Fisher was born in San Francisco, California, on April 27, 1861. He received his first lesson in music from John P. Morgan, a leading Western musician. Intended for a business career, he was led to devote himself entirely to music, and with that end in view he left California in 1890 and went to New York City. There he studied under Antonín Dvořák and Horatio Parker at the National Conservatory of Music of America. He was instructor in harmony at the Conservatory of Music for several years, resigning in 1895 to take up teaching in Boston.
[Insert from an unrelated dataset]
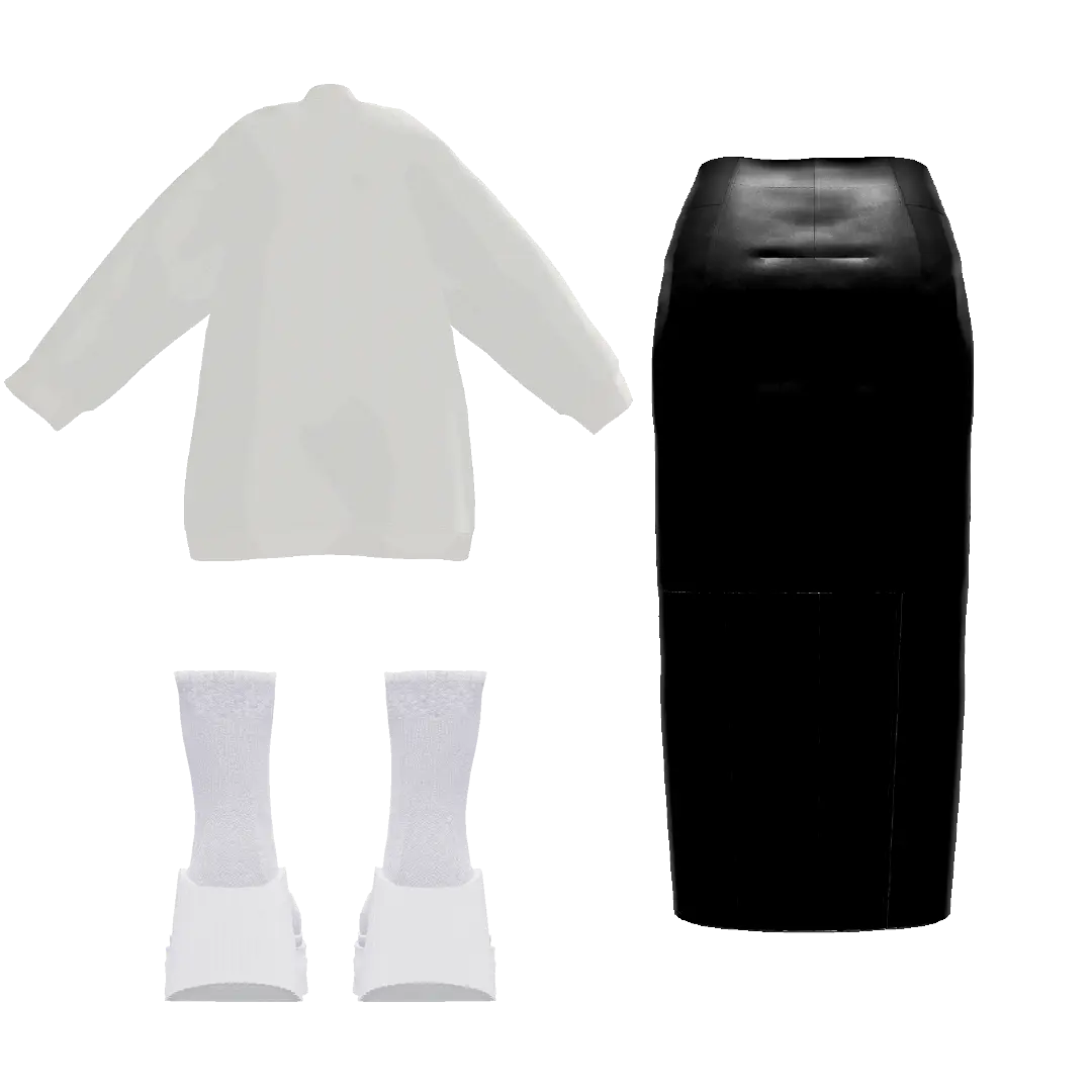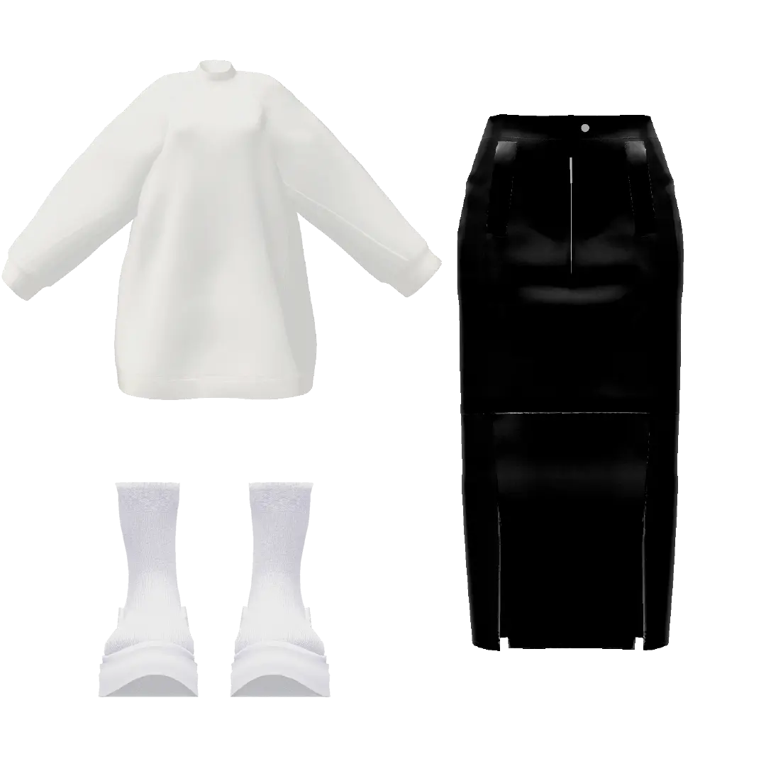 【セット内容】 ・TAG OVERSIZE PULLOVER(ホワイト) | TAG-0002 ¥2,200 ・TAG SLIT LONG LEATHER SKIRT(ブラック)| TAG-0013 ¥2,200 ・TAG SOCKS BOOTS(ホワイト) | TAG-0010 ¥1,100

He was president of the Music Teachers National Association and the Music Publishers' National Association. He also worked for the music publisher Oliver Ditson Company, which was later taken over by the Theodore Presser Company.

Fisher died in Brookline, Massachusetts on December 18, 1948.

==Career==
In an 1893 interview, Antonín Dvořák challenged white American composers to make better use of the "negro melodies of America", feeling that they were needed as the basis for "any serious and original school of composition" in America.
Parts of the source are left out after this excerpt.